INFORMATION:
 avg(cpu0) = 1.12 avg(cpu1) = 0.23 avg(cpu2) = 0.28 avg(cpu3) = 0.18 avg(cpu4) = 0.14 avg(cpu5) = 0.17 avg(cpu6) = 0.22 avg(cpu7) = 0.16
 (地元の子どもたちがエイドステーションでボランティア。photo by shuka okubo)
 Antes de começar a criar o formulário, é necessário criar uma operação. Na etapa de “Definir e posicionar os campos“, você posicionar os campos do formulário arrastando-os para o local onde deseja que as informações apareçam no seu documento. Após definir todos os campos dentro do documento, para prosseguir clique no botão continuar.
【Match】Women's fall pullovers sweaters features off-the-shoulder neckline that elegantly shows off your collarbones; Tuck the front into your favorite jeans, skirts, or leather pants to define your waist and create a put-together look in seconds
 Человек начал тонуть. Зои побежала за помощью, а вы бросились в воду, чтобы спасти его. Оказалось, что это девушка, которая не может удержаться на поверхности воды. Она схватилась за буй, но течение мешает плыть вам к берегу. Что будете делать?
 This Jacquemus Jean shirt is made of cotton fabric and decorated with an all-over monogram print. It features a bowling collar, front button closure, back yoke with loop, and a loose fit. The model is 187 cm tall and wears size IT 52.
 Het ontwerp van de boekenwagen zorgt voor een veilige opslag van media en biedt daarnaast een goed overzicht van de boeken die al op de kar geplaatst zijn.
* * *
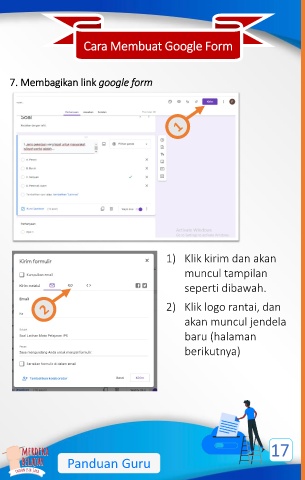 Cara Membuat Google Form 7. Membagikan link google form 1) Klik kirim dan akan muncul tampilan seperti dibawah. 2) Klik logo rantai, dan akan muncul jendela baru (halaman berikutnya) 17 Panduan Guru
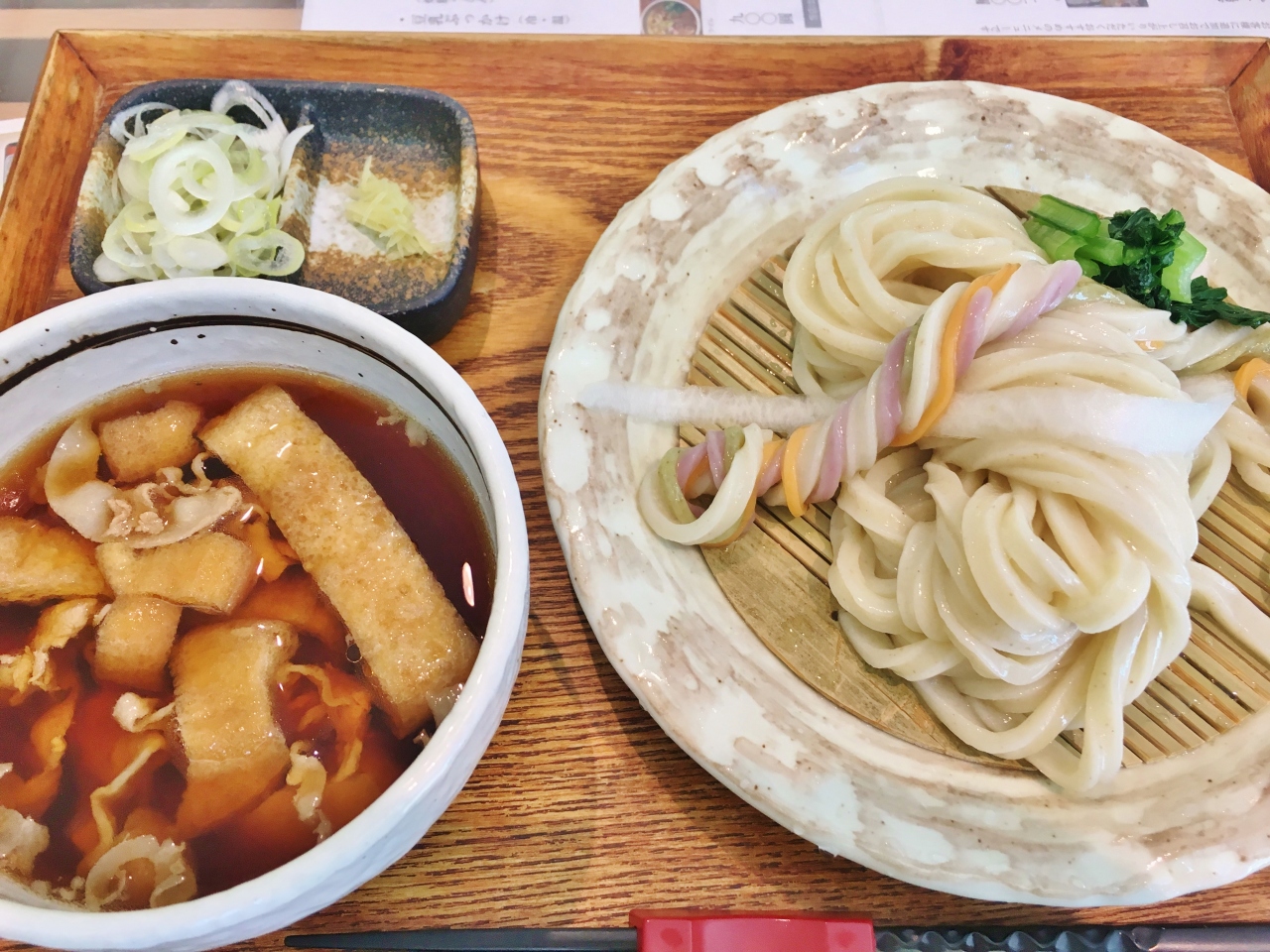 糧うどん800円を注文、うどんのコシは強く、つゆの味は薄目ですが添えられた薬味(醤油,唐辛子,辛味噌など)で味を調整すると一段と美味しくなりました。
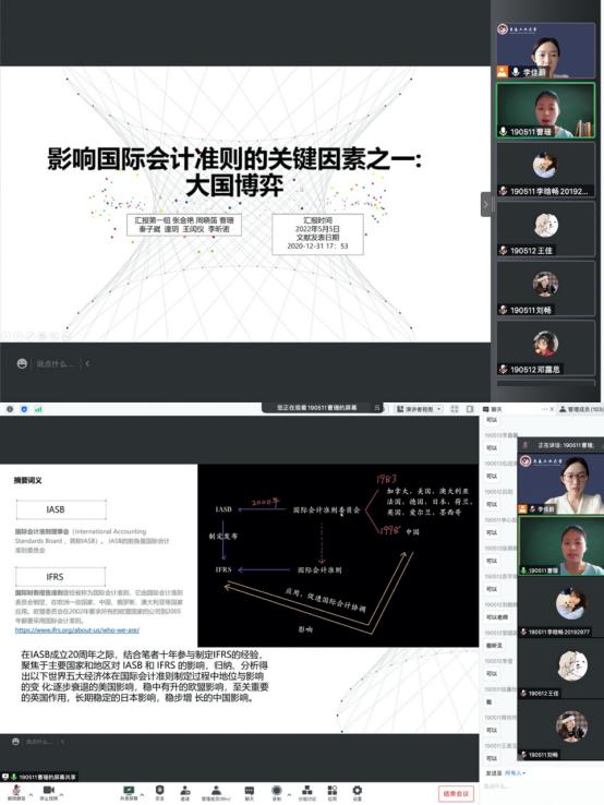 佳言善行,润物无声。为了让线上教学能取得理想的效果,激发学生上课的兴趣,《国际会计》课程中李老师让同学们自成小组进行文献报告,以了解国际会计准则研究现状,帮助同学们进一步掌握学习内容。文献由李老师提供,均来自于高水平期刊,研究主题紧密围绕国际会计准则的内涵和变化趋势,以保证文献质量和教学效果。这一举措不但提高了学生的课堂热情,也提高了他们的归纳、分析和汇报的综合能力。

HOW TO COMPLETE THIS TASK:
Return only the stretch of the material above from the line holding "avg(cpu0) = 1.12" through the line holding "(地元の子どもたちがエイドステーションでボランティア。photo by shuka", copied exactly.

COMPLETED TASK:
 avg(cpu0) = 1.12 avg(cpu1) = 0.23 avg(cpu2) = 0.28 avg(cpu3) = 0.18 avg(cpu4) = 0.14 avg(cpu5) = 0.17 avg(cpu6) = 0.22 avg(cpu7) = 0.16
 (地元の子どもたちがエイドステーションでボランティア。photo by shuka okubo)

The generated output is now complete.